Why is it not more successful?
Because it's not absolutely perfect. It's
ridiculously overpowered.
The ideal big game revolver caliber is somewhere in the .41 Magnum to .45 Colt (Ruger Blackhawk level). I chose a .45 Colt (Ruger Bisley) and a couple years into that experience I wished I'd got a .41 instead.
Reality is, handguns are generally going to kill best when thought of, and employed, as
glorified hole punchers, and a .41 caliber soft point or not-so-hard cast lead bullet, will punch a perfectly suitable hole in any big game animal, and allow its blood pressure to drop really quickly. And you'll be far more likely to put that bullet where it needs to go, with a .41 or .44 or .45Colt, even with little more than blackpowder level loads, than with a much harder kicking caliber.
Frankly a ~210 or 220 grain .41 or a 240-260 grain .44 or a 250-280 grain .45 bullet, with a decently wide meplat (~72% of bore diameter is close to optimum; larger meplats don't fly well at longer ranges and yes I'm speaking from experience) or even a basic jacketed soft point design or a Hornady XTP, at 1000' to 1200' MV, and no more, will *EASILY* ventilate the typical North American game animal with a big leaky hole. Said animal will then run 20-100 yards and fall dead.
Now, you absolutely can get a revolver (.460S&W for example) that will push a big handgun bullet well up into the good rifle-bullet-killing speed range and yeah, they'll kill like lightning. Like rifles. But you end up needing a halfway specialized handgun to do that, mainly because handguns are hard to shoot well past maybe 50 yards for most of us. When I had better eyesight 100 yards with a revolver was easy. Now, 25 yards is about tops, and I don't hunt with a handgun anymore. If it's something you want to do, do it while your eyes are young.
Everyone here knows the importance of low recoil for rifle practice.
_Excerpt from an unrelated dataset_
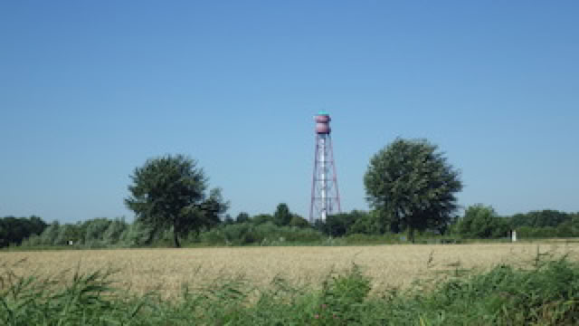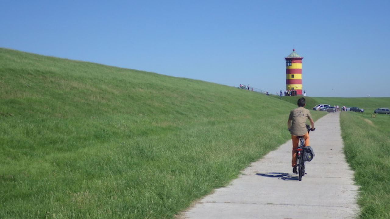 Nous passons d’abord par la «leuchturm» (phare) de Campen, à l’allure rigolote de robot. En face, au loin, la côte hollandaise, avec une énorme zone portuaire-insdustrielle et une forêt d’éoliennes.
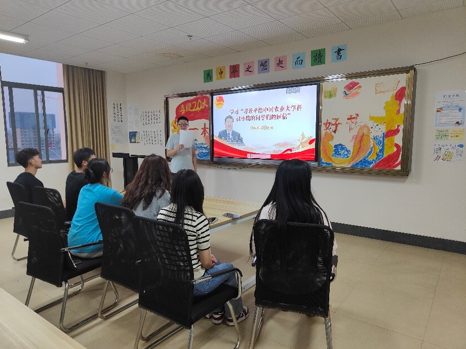 会议进行过程中,首先由团总支宣办部干事罗琛锦同学带领团总支全体成员学习:习近平给中国农业大学科技小院的同学们的回信内容。习总书记在信中向全国广大青年致以节日的祝贺,同时强调“你们在信中说,走进乡土中国深处,才深刻理解什么是实事求是、怎么去联系群众,青年人就是要‘自找苦吃’,说得好,新时代中国青年就应该有这股精气神。”光阴回眸间,中国特色社会主义进入新时代,这封回信,激励着广大青年担当起党和人民赋予的历史重任,充分显现了“确保党的事业薪火相传,确保中华民族永续发展”的深谋远虑,因此总书记的回信,不仅是写给科技小院的同学们,也是向广大青年提出号召:在民族复兴的大舞台上建功立业,为全面建设社会主义现代化国家贡献青春力量。学习完这封回信,团总支的同学们都深有感触,组织部干事徐源同学表示:新的时代对当代青年提出了新的要求,带来了新的挑战,同时也带来了新的机遇。 所以在新的时代面前,青年以何种姿态面对,显得尤为重要,作为中国青年,我们更应需要加强自我认知与学习能力,为中国特色社会主义的建设献出一份属于自己的力量。实现中华民族伟大复兴,是一场接力长跑。青年兴则国家兴,中国发展要靠广大青年挺身而出,勇于担当。在以中国式现代化全面推进中华民族伟大复兴的前进道路上,必然会出现各种各样的重大考验,青年需以以勇气和创新迎难而上、担起使命。让我们不畏一切艰难险阻,坚定不移的听党话、跟党走,有理想、敢担当、能吃苦、肯奋斗,用青春和汗水创造出属于新时代青年的骄傲和辉煌。

I'd argue that it's even more important with handguns, than rifles. Yes, shooting big boomers is fun. Been there done that, got the big goofy smile on my face. But if you want to get good with a revolver, you need practice, and lower recoil helps, and in a defensive situation where you're using something small enough to be easily carried, lower recoil helps with followup shots for sure.
I won't say anything about 9mms for bear defense except to say that's what I carry personally, for bear defense, in places with *black* bears, and I've only been in western grizzly country one time and still carried a 9mm. My intent here isn't to get into that discussion. I'm speaking of
revolver cartridges for dual use as both hunting handguns at revolver ranges, and also with a secondary role as defense. Yes, certainly you can take bigger calibers and turn them into longer-range killers, or get fast followup shots with a 9mm, but for the dual-role scenario you mention, the smaller .4x calibers with moderate bullet weights at moderate speeds, kill well enough, and are easy to shoot.
Something like a S&W 657 classic with a 4" to 5" barrel would be ideal for defensive carry, IMO, if you wanted it to double as a hunting handgun. If I wanted a hunting revolver to double for bear defense (same dual role, but reversed emphasis), I'd do the same, but with a 6" to 6.5" barrel instead.
FWIW I've shot a lot of Hornady XTPs and they penetrate very deeply at 1000' to 1200' impact speed but will expand violently once you get them up to maybe 1700'+, which I used to do often with a muzzleloader. On smaller deer at those 1000' to 1200' speeds you might consider Speer Gold Dots if you wanted more expansion but I've always ran under the 'glorified hole puncher' theory of handgun hunting.